* _What needs to be done_
Your answer must be the data repeated exactly, with no pictures in it.

* _Data segment_

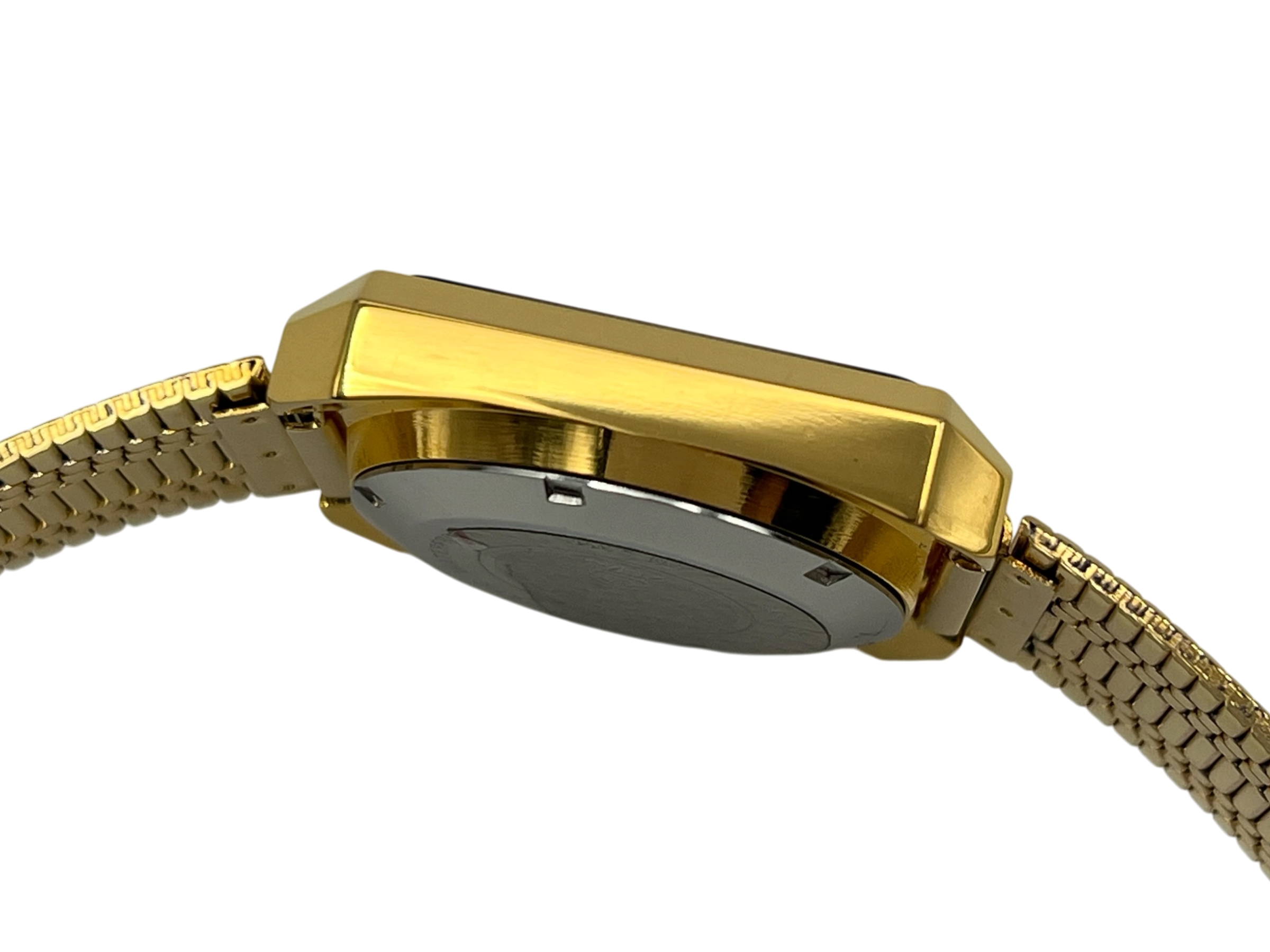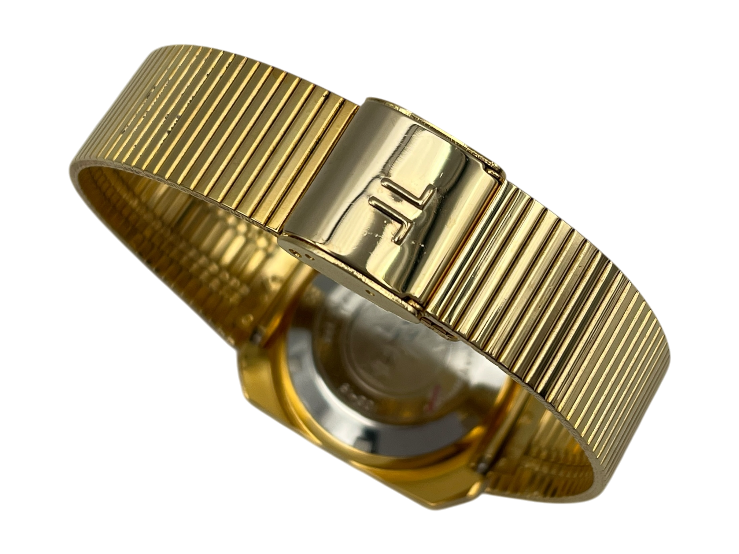 Lieben Sie Uhren, die sofort ins Auge fallen? Die Loreena Automatik Ref. 81-301 vereint den Charme der 1980er Jahre mit einem Hauch Extravaganz. Das goldfarbene Gehäuse harmoniert perfekt mit dem elegant gestalteten Zifferblatt, das durch funkelnde Zirkonia-Indizes stilvoll akzentuiert wird. Besonders spannend: die Day-Date Anzeige in Englisch und Arabisch. Mit einer Gehäusebreite von ca. 32 mm trägt sich die Uhr angenehm kompakt und unterstreicht einen klassischen, zeitlosen Stil.
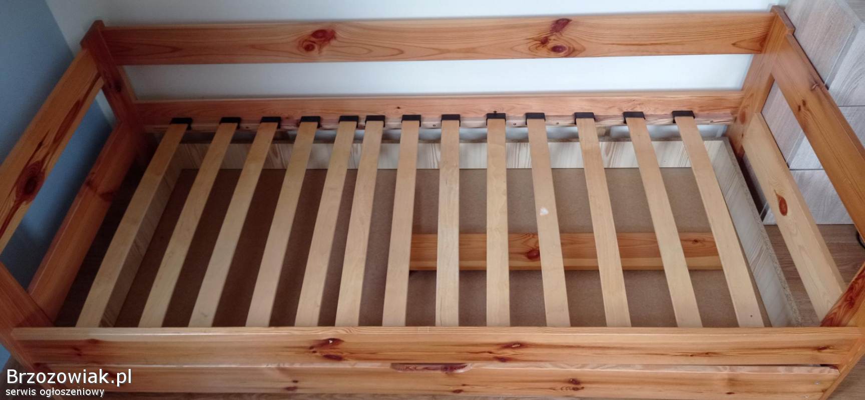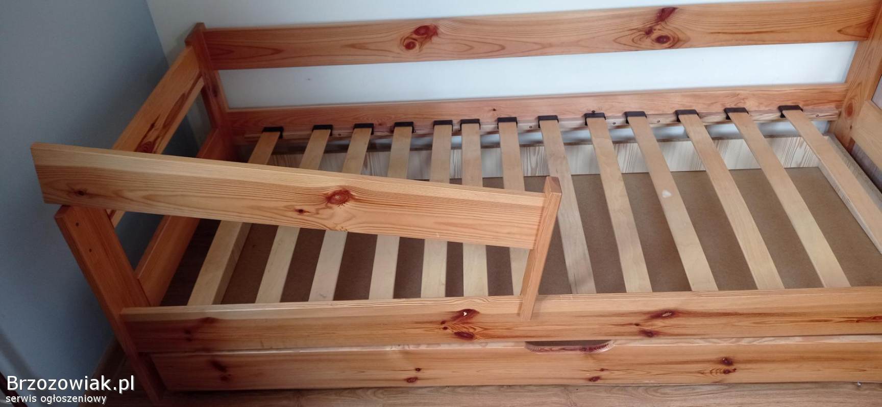 Łóżko dziecięce sosnowe z wysuwaną dużą szufladą. Łóżko ma dodatkowo montowaną barierkę do połowy łóżka (dla mniejszego dziecka). Łóżko sprzedawane bez materaca. Wymiary: długość 186 cm, szerokość 86 cm, wysokość 55 cm, wysokość szuflady 15 cm. Wymiar materaca 180x80. Transport we własnym zakresie.
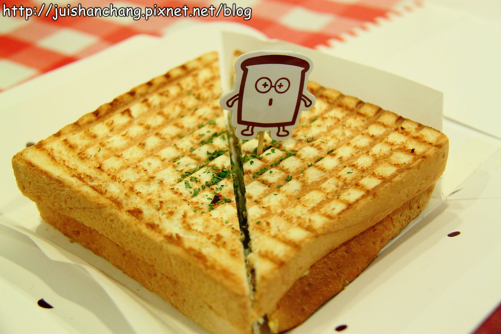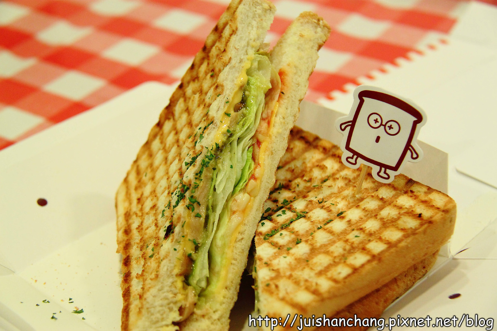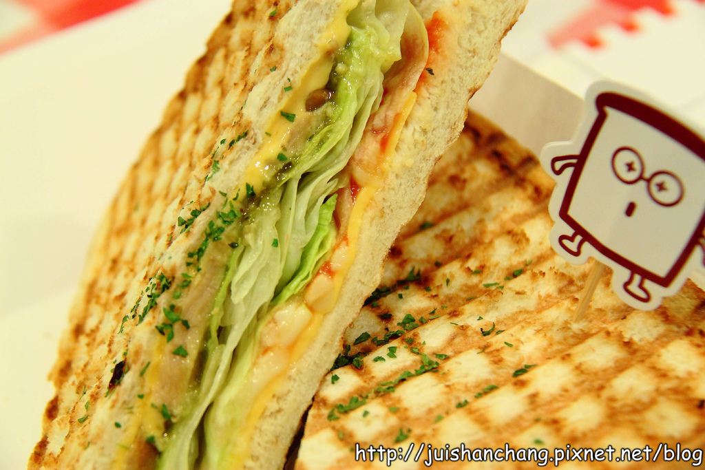 羅勒雞肉帕尼尼~ㄟ~來這裡不只要吃他們的厚片,殊不知他們的帕尼尼也是深得我心耶!漂亮的烙痕,飽滿的內餡!!
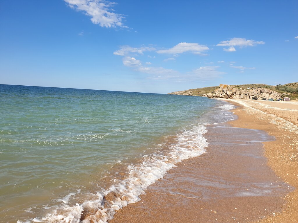 Безлюдное местечко, чистый ракушечно-песчанный пляж, теплое, а самое главное чистое Азовское море, пейзажи, как фильмах. Очень красиво. Но добираться до этих мест только на автомобиле.

* _Exercise response_
 Lieben Sie Uhren, die sofort ins Auge fallen? Die Loreena Automatik Ref. 81-301 vereint den Charme der 1980er Jahre mit einem Hauch Extravaganz. Das goldfarbene Gehäuse harmoniert perfekt mit dem elegant gestalteten Zifferblatt, das durch funkelnde Zirkonia-Indizes stilvoll akzentuiert wird. Besonders spannend: die Day-Date Anzeige in Englisch und Arabisch. Mit einer Gehäusebreite von ca. 32 mm trägt sich die Uhr angenehm kompakt und unterstreicht einen klassischen, zeitlosen Stil.
 Łóżko dziecięce sosnowe z wysuwaną dużą szufladą. Łóżko ma dodatkowo montowaną barierkę do połowy łóżka (dla mniejszego dziecka). Łóżko sprzedawane bez materaca. Wymiary: długość 186 cm, szerokość 86 cm, wysokość 55 cm, wysokość szuflady 15 cm. Wymiar materaca 180x80. Transport we własnym zakresie.
 羅勒雞肉帕尼尼~ㄟ~來這裡不只要吃他們的厚片,殊不知他們的帕尼尼也是深得我心耶!漂亮的烙痕,飽滿的內餡!!
 Безлюдное местечко, чистый ракушечно-песчанный пляж, теплое, а самое главное чистое Азовское море, пейзажи, как фильмах. Очень красиво. Но добираться до этих мест только на автомобиле.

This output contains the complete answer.